=== Exercise goal ===
The result should be the full listing copied exactly, with no pictures in it.

=== Information shown ===
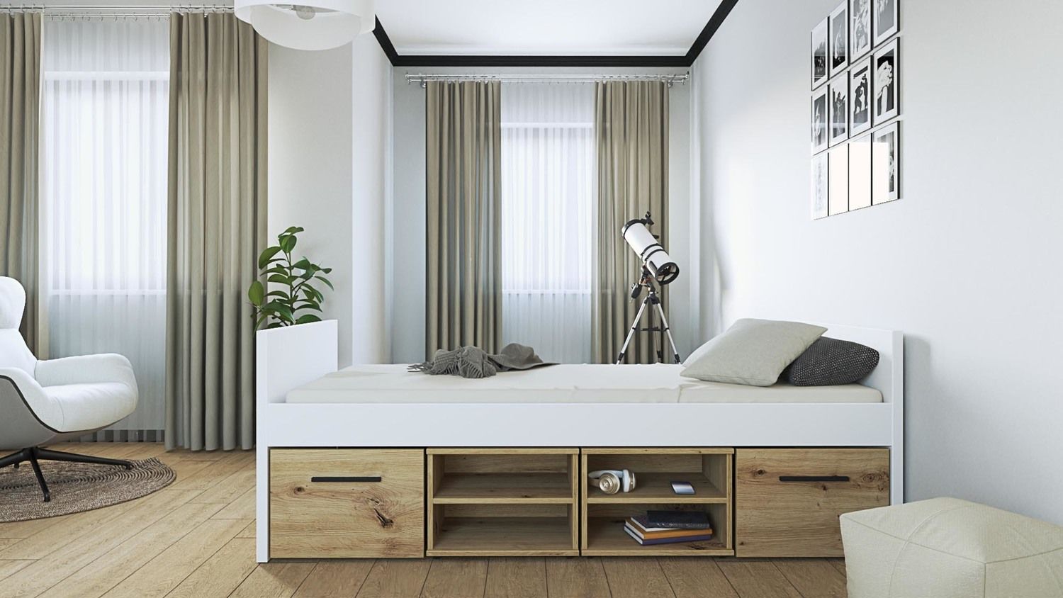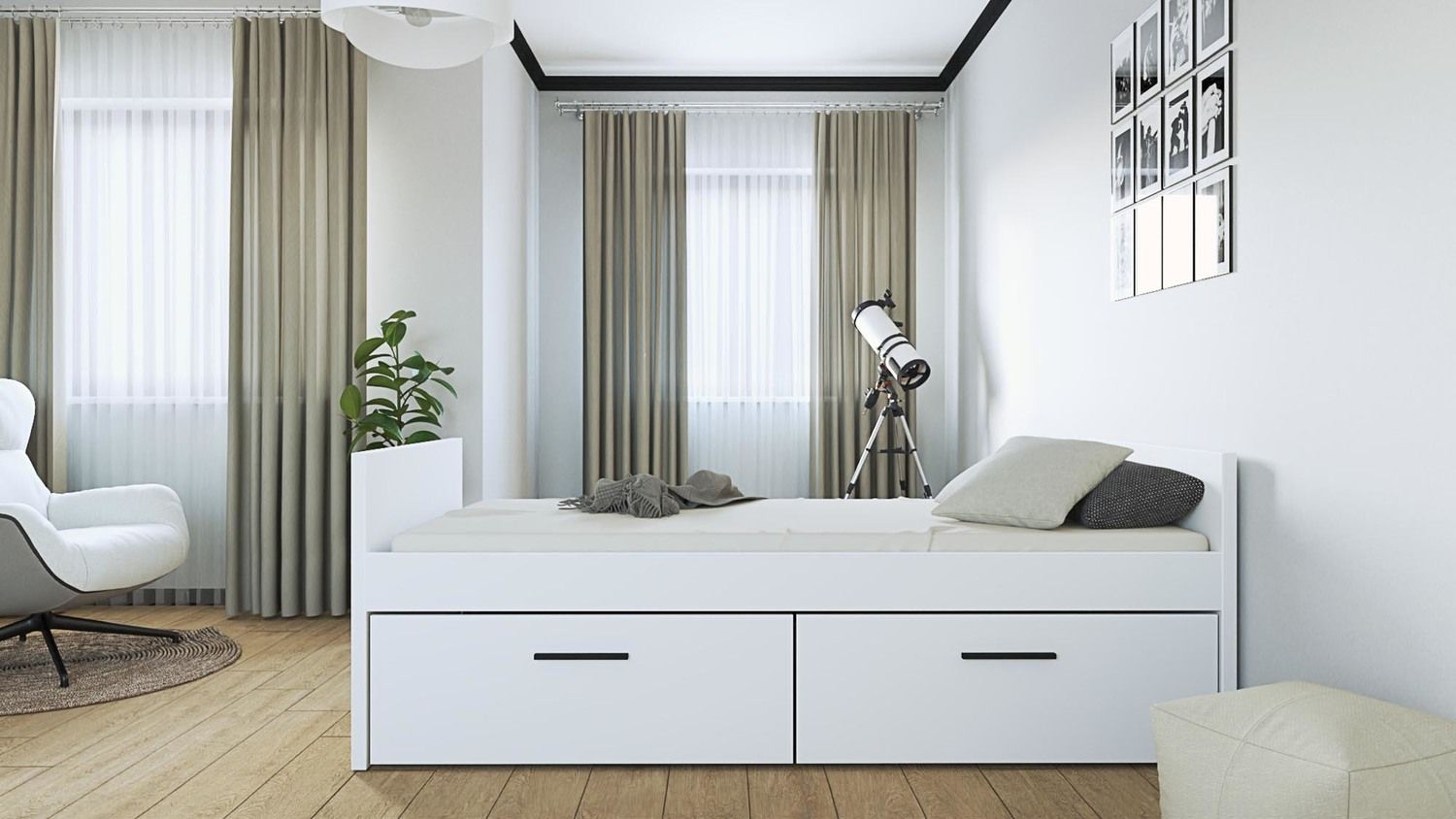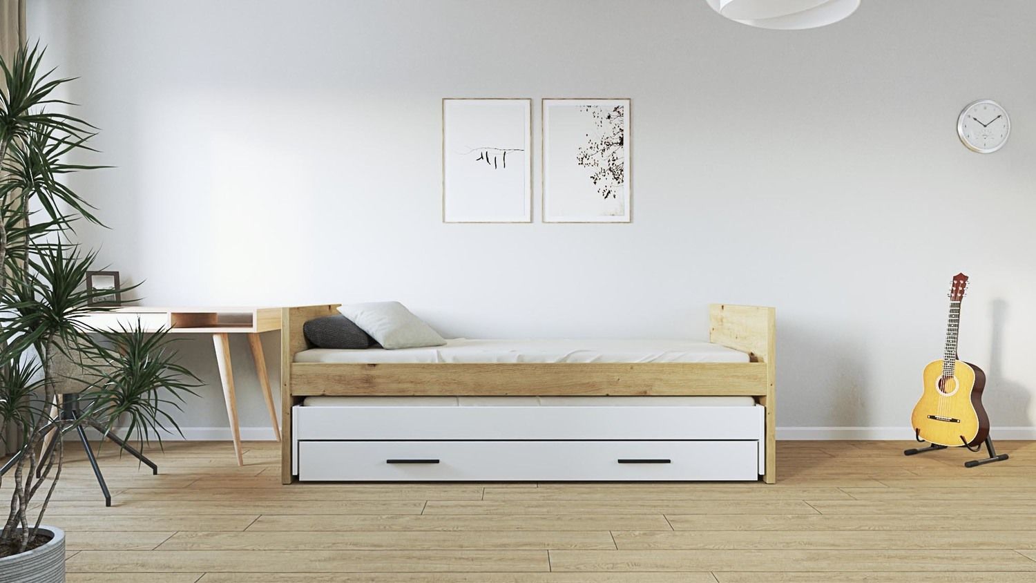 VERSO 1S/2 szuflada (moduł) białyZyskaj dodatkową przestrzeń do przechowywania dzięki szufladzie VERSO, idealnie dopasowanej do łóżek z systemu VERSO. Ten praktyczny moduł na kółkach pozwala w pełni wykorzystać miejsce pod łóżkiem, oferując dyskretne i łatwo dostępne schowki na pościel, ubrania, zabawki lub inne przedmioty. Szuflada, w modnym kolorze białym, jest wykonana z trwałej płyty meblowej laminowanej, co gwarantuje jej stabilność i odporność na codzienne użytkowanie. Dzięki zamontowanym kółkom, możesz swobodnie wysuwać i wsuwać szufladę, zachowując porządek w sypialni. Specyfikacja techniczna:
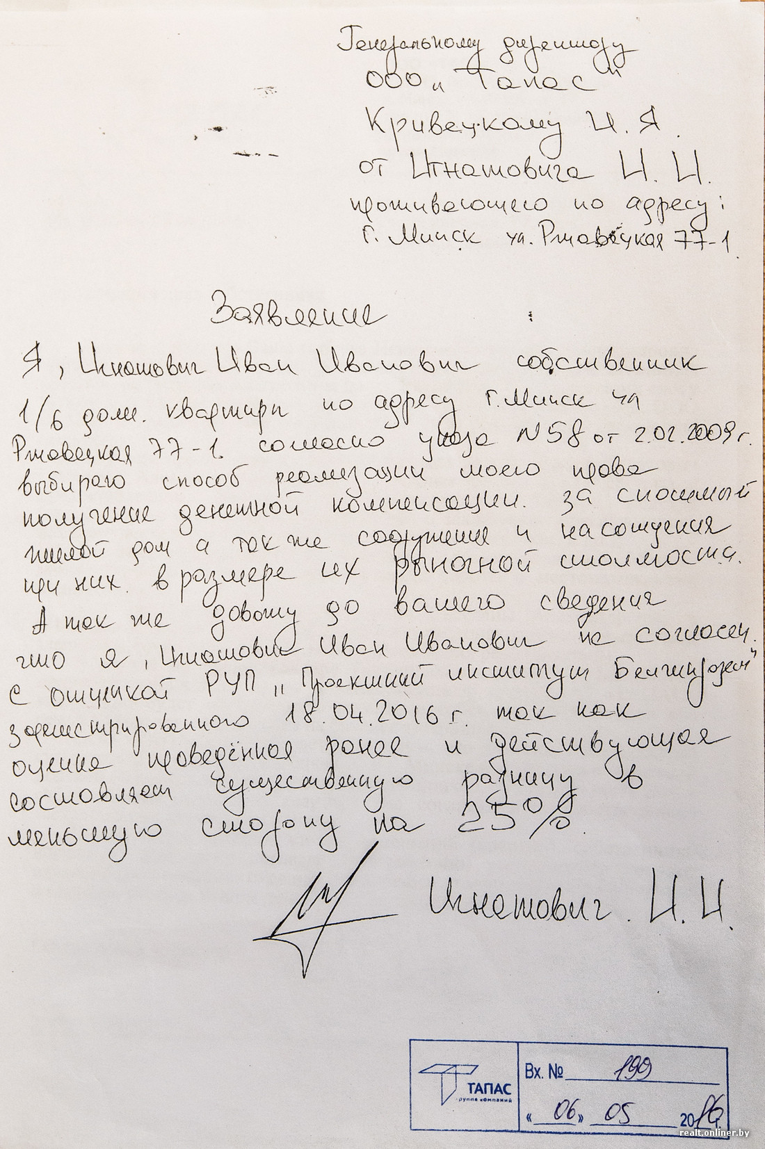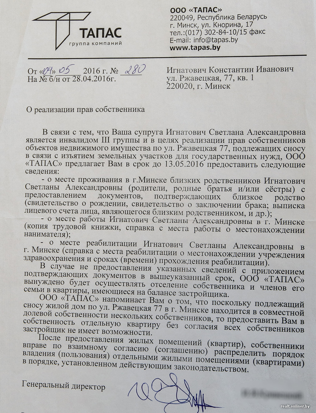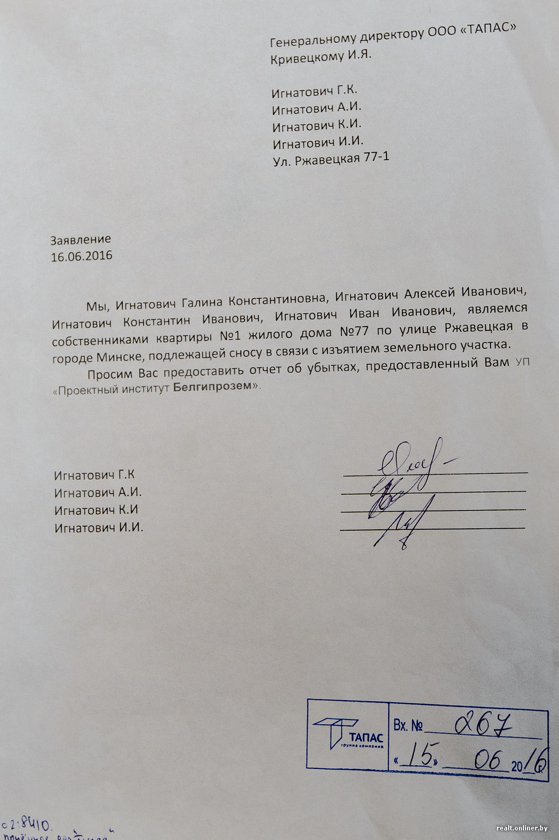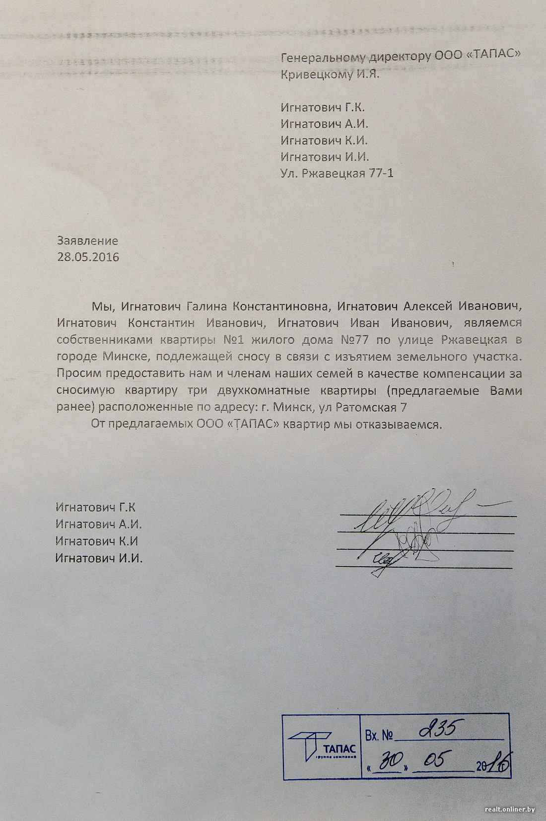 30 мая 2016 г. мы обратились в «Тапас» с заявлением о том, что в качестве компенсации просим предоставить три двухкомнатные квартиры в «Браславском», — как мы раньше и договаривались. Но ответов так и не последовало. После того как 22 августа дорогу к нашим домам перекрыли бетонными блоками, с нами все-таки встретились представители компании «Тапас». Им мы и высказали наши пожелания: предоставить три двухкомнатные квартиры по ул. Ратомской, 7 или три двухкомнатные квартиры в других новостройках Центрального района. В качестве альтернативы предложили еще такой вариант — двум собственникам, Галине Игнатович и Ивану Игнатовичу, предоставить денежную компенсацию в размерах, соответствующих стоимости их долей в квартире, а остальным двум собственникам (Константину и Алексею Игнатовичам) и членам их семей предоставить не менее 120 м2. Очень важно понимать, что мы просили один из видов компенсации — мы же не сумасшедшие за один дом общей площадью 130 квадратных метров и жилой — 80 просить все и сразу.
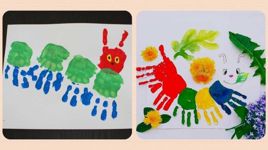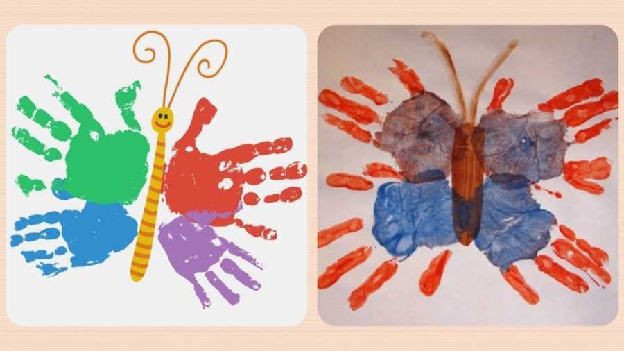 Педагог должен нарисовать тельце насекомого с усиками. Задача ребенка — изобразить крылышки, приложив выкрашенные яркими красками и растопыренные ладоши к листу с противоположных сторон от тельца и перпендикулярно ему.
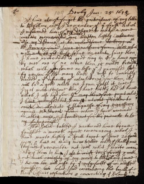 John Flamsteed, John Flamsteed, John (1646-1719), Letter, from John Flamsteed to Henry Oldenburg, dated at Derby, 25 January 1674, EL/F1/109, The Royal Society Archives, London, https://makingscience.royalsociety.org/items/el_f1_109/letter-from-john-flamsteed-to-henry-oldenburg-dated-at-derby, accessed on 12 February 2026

=== Output of the exercise ===
 VERSO 1S/2 szuflada (moduł) białyZyskaj dodatkową przestrzeń do przechowywania dzięki szufladzie VERSO, idealnie dopasowanej do łóżek z systemu VERSO. Ten praktyczny moduł na kółkach pozwala w pełni wykorzystać miejsce pod łóżkiem, oferując dyskretne i łatwo dostępne schowki na pościel, ubrania, zabawki lub inne przedmioty. Szuflada, w modnym kolorze białym, jest wykonana z trwałej płyty meblowej laminowanej, co gwarantuje jej stabilność i odporność na codzienne użytkowanie. Dzięki zamontowanym kółkom, możesz swobodnie wysuwać i wsuwać szufladę, zachowując porządek w sypialni. Specyfikacja techniczna:
 30 мая 2016 г. мы обратились в «Тапас» с заявлением о том, что в качестве компенсации просим предоставить три двухкомнатные квартиры в «Браславском», — как мы раньше и договаривались. Но ответов так и не последовало. После того как 22 августа дорогу к нашим домам перекрыли бетонными блоками, с нами все-таки встретились представители компании «Тапас». Им мы и высказали наши пожелания: предоставить три двухкомнатные квартиры по ул. Ратомской, 7 или три двухкомнатные квартиры в других новостройках Центрального района. В качестве альтернативы предложили еще такой вариант — двум собственникам, Галине Игнатович и Ивану Игнатовичу, предоставить денежную компенсацию в размерах, соответствующих стоимости их долей в квартире, а остальным двум собственникам (Константину и Алексею Игнатовичам) и членам их семей предоставить не менее 120 м2. Очень важно понимать, что мы просили один из видов компенсации — мы же не сумасшедшие за один дом общей площадью 130 квадратных метров и жилой — 80 просить все и сразу.
 Педагог должен нарисовать тельце насекомого с усиками. Задача ребенка — изобразить крылышки, приложив выкрашенные яркими красками и растопыренные ладоши к листу с противоположных сторон от тельца и перпендикулярно ему.
 John Flamsteed, John Flamsteed, John (1646-1719), Letter, from John Flamsteed to Henry Oldenburg, dated at Derby, 25 January 1674, EL/F1/109, The Royal Society Archives, London, https://makingscience.royalsociety.org/items/el_f1_109/letter-from-john-flamsteed-to-henry-oldenburg-dated-at-derby, accessed on 12 February 2026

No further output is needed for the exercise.